For the first time, more Ethereum burned than produced

For the first time, more ether was burned in one day than miners produced. The deflation effect could contribute to Ethereum’s performance.

One month after “London” the hard fork begins to take effect. Last Friday, Ethereum’s inflation rate turned negative for the first time. In other words: On that day, more ether was burned than new coins were added in the form of block rewards. This imbalance reduces the upward trend in supply and could therefore prove to be a major price catalyst in the coming months – if demand is high.

London is turning the Ethereum offering on its head

On August 5th, the Hard Fork London put the fee mechanism at Ethereum in its hands. The EIP-1559 implemented with the upgrade introduced a basic fee for Ether transactions, which is calculated on the basis of the block utilization. If the network is full, the gas charges increase. The same applies in the opposite direction, with low utilization the costs decrease. At the same time, the maximum block utilization was doubled to 25 million gas units. This is to ensure that the fees are affordable even at peak times.
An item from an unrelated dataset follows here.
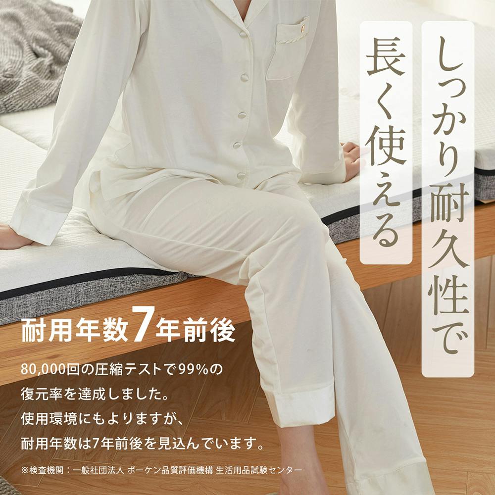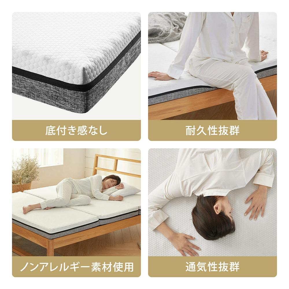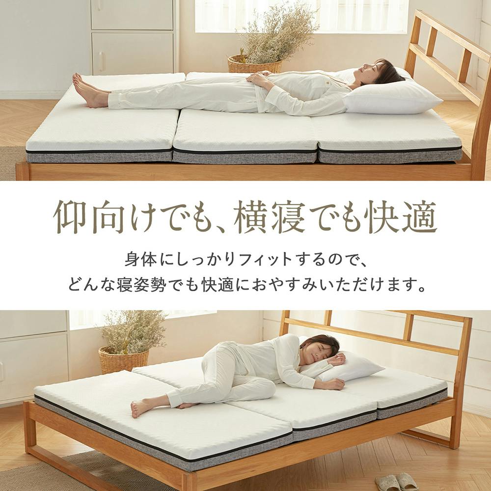 10cmの厚みが身体をしっかり支え、底付き感を抑えて快適な寝姿勢を保ちやすいマットレスです。三つ折り仕様のため扱いやすく、収納や移動も簡単に行えます。体圧を均一に逃がす構造で肩や腰への負担を軽減し、寝返りもしやすくなります。敷布団として単体で使える安心感と、通気性に配慮した快適さを兼ね備え、毎日の睡眠を心地よく整えてくれます。

However, it is very important that the fees are not transferred to the miners as before, but have been burned since the hard fork. This slows down the flow of aether: the inflation rate flattens out. If the block utilization increases due to an increased transaction volume, further basic fees fall victim to the combustion mechanism, which can exceed the additional remuneration of the miner of currently 2 ethers per block.

NFT hype as a combustion engine

This deflation effect first appeared last Friday. According to Etherscan, 13,838 ethers were burned on this day alone. In contrast, the supply grew by 13,505 ETH – a decrease of 303 ETH. Of the ethers burned, around 2,000 ETH were accounted for by the NFT trading platform OpenSea, which is still the largest consumer of gas fees in the Ethereum network.
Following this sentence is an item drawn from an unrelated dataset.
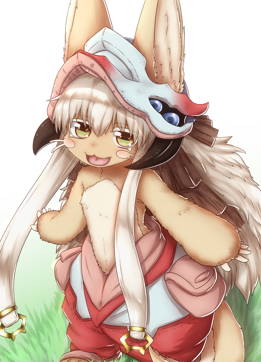 1other :3 animal_ears animal_hands blush blush_stickers body_fur brown_fur collarbone colored_eyelashes fake_horns fang furry gradient_background grass green_eyes happy helmet highres horizontal_pupils horned_headwear horns horokusa_(korai) light_blush long_hair looking_at_viewer made_in_abyss multicolored_headwear multicolored_pants nanachi_(made_in_abyss) open_mouth other_focus outdoors pants pouch puffy_pants sidelocks simple_background smile solo tail tongue topless_other two-tone_fur whiskers white_background white_hair

This phenomenon could occur even more frequently in the future if the hype surrounding the NFT and DeFi market continues and ensures continued high network utilization. This should have a positive effect on the price development. The throttling of the amount in circulation inevitably increases the price of ether. In addition, staking and integration in DeFi applications are increasingly reducing the offer. Ether price has risen 46 percent since the hard fork on August 5th. At press time, the second largest cryptocurrency is trading at $ 3,912. In the same period, 214,000 ETH fell victim to the combustion mechanism.